University of California, Santa Cruz Genomics Institute

Please contact us on github with any issues

vg is a toolkit for DNA sequence analysis using variation graphs. Toil-vg is a toil-based framework for running common vg pipelines at scale, either locally or on a distributed computing environment:

toil-vg construct: Create vg graph from FASTA and VCF, constructing contigs in parallel.

toil-vg run: Given input vg graph(s), create indexes, map reads, then produce VCF variant calls.

toil-vg index: Produce a GCSA and/or XG index from input graph(s).

toil-vg map: Produce a graph alignment (GAM) for each chromosome from input reads and index

toil-vg call: Produce VCF from input XG index and GAM(s).

Installation

Local TOIL-VG Pip Installation

Installation requires Python and Toil.
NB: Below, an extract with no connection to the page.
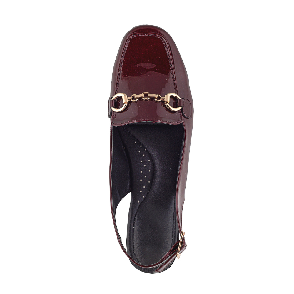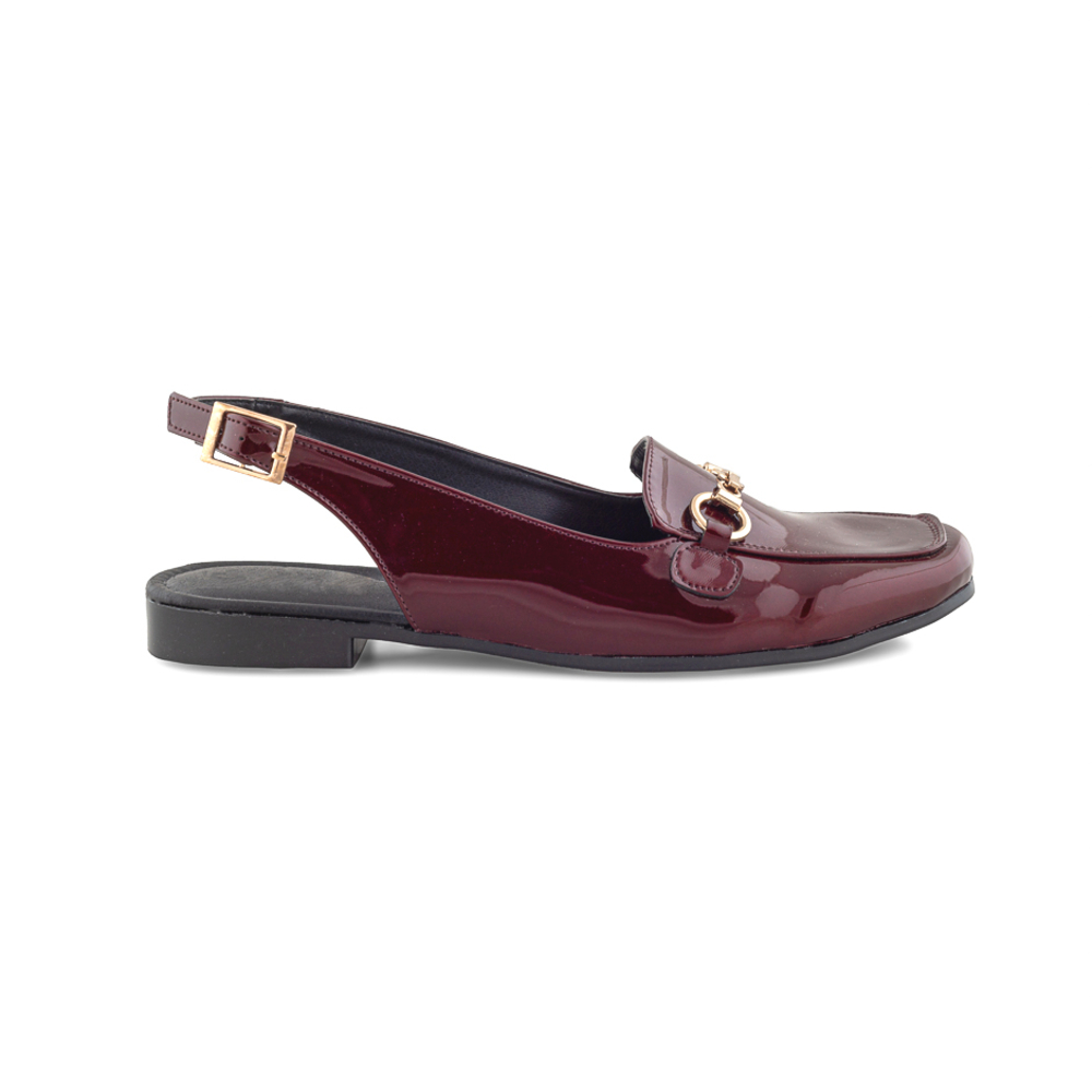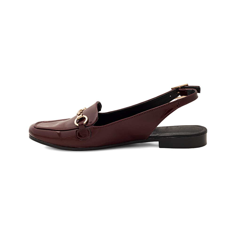 Mocasín de charol brillante en color vino, una pieza clásica reinventada para la mujer contemporánea. Su hebilla lateral ajustable y herraje dorado combinan distinción y practicidad, mientras que su plantilla acolchada garantiza confort durante todo el día. Una opción ideal para quienes buscan elegancia atemporal con un toque moderno.

We recommend installing within virtualenv as follows

virtualenv toilvenv
source toilvenv/bin/activate
pip install toil[aws,mesos]==3.18.0
pip install toil-vg

WIKI

See the Wiki in addition to below for examples.

Docker

toil-vg can run vg, along with some other tools, via Docker. Docker can be installed locally (not required when running via cgcloud), as follows.
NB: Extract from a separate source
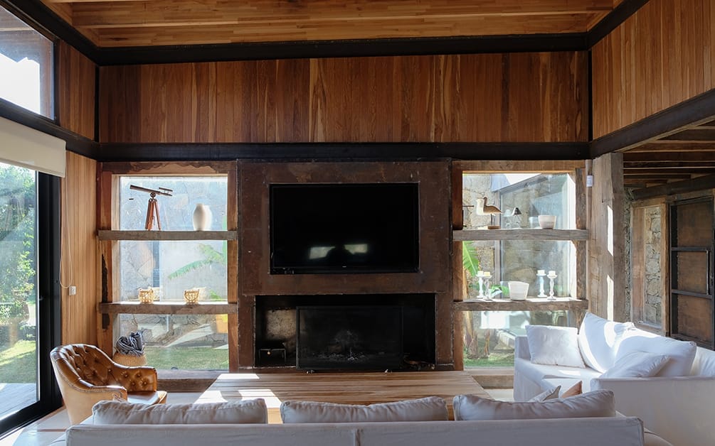 El sistema constructivo elegido y los materiales utilizados responden directamente a este paisaje, la estructura es el resultado de una combinación entre perfilería de hierro y muros portantes de ladrillo, los cerramientos verticales incorporan el ladrillo, la madera y el vidrio. Los acabados exteriores revelan el sistema constructivo, revestimientos de lapacho para todo lo que es montaje de muros livianos y estructura de hierro, y grandes paredes de piedra terminan los muros portantes de ladrillo. La elección y uso de estos materiales, además de implicar poco mantenimiento, da como resultado una casa que envejece con imagen muy noble, el óxido del hierro, el lapacho y la piedra dan carácter a un importante juego de volúmenes que generan luces y sombras contrastantes y en constante movimiento durante el día. Las terminaciones interiores suman al ambiente cálido buscado, el pavimento en paños de hormigón lustrado entre juntas de madera, muros y tabiques de madera y ladrillo con junta enrasada pintados, cubierta con estructura de madera a la vista, vigas y cielorraso de madera.
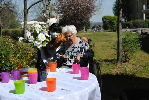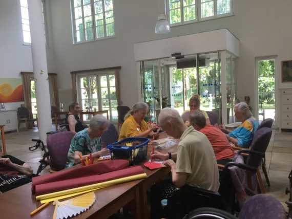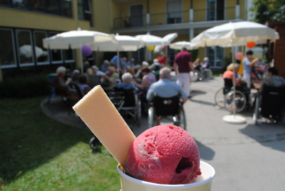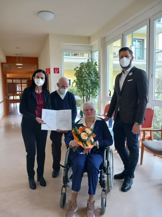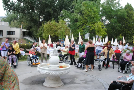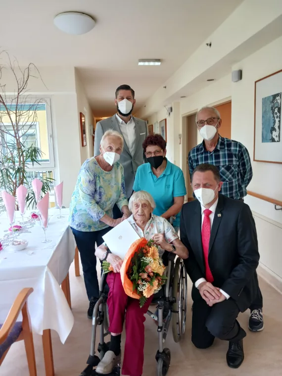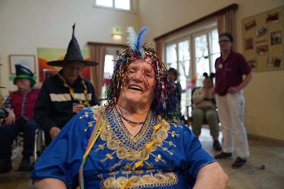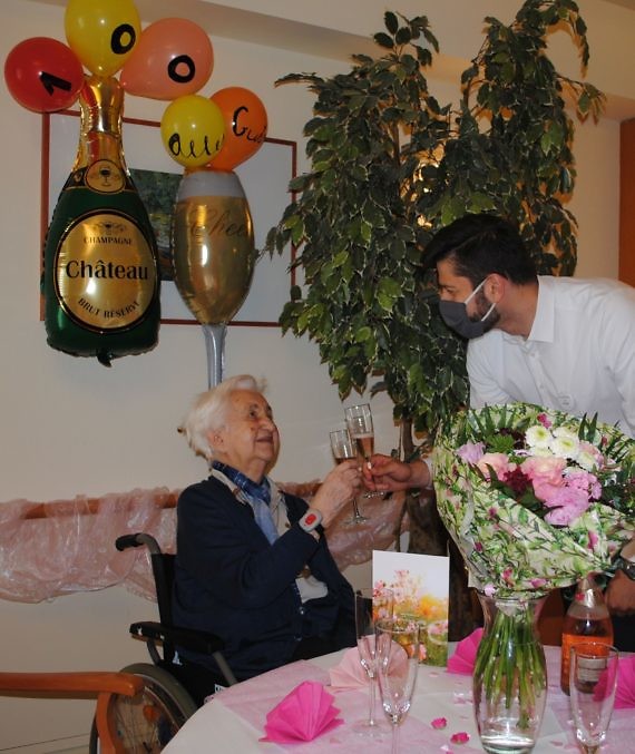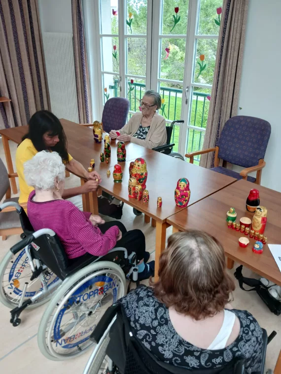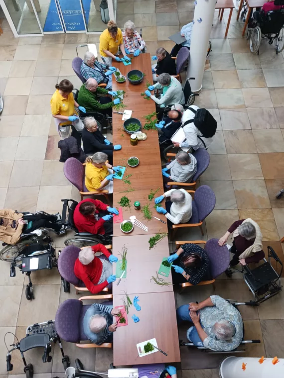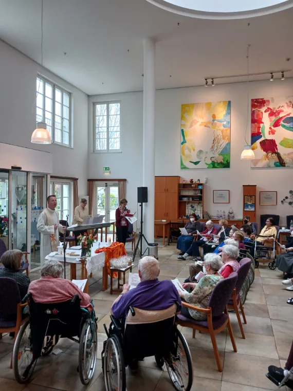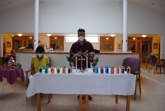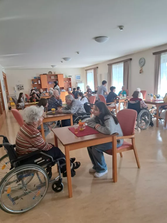 Wir starten wieder gemeinsam im Wohnbereich Sonnenblume, bevor die Bewohnerinnen und Bewohner dann in den Wohnbereichen gemeinsam feiern.

  • Linux Docker Installation: If running docker version doesn't work, try adding user to docker group with sudo usermod -aG docker $USER, then log out and back in.
  • Mac Docker Installation: If running docker version doesn't work, try adding docker environment variables: docker-machine start; docker-machine env; eval "$(docker-machine env default)" Note If you get an error message of the form APIError: 502 Server Error: Bad Gateway (Mounts denied:..., you can fix this by either adding /var/folders to the directories list in the "File Sharing" section of the Docker preferences dialog, or by specifying a temporary working directory that already is shared using the --tempDir toil-vg option or the TMPDIR environment variable.
  • Running Without Docker: If Docker is not installed or is disabled with --container None, toil-vg requires the following command line tools to be installed on the system: vg, pigz, bcftools, tabix. jq, samtools, rtg vcfeval, 'hap.py', and 'Platypus.py' are also necessary for certain tests.

Configuration

A configuration file can be used as an alternative to most command line options. A default configuration file can be generated using

toil-vg generate-config > config.yaml

Pass this file to toil-vg commands using the --config option.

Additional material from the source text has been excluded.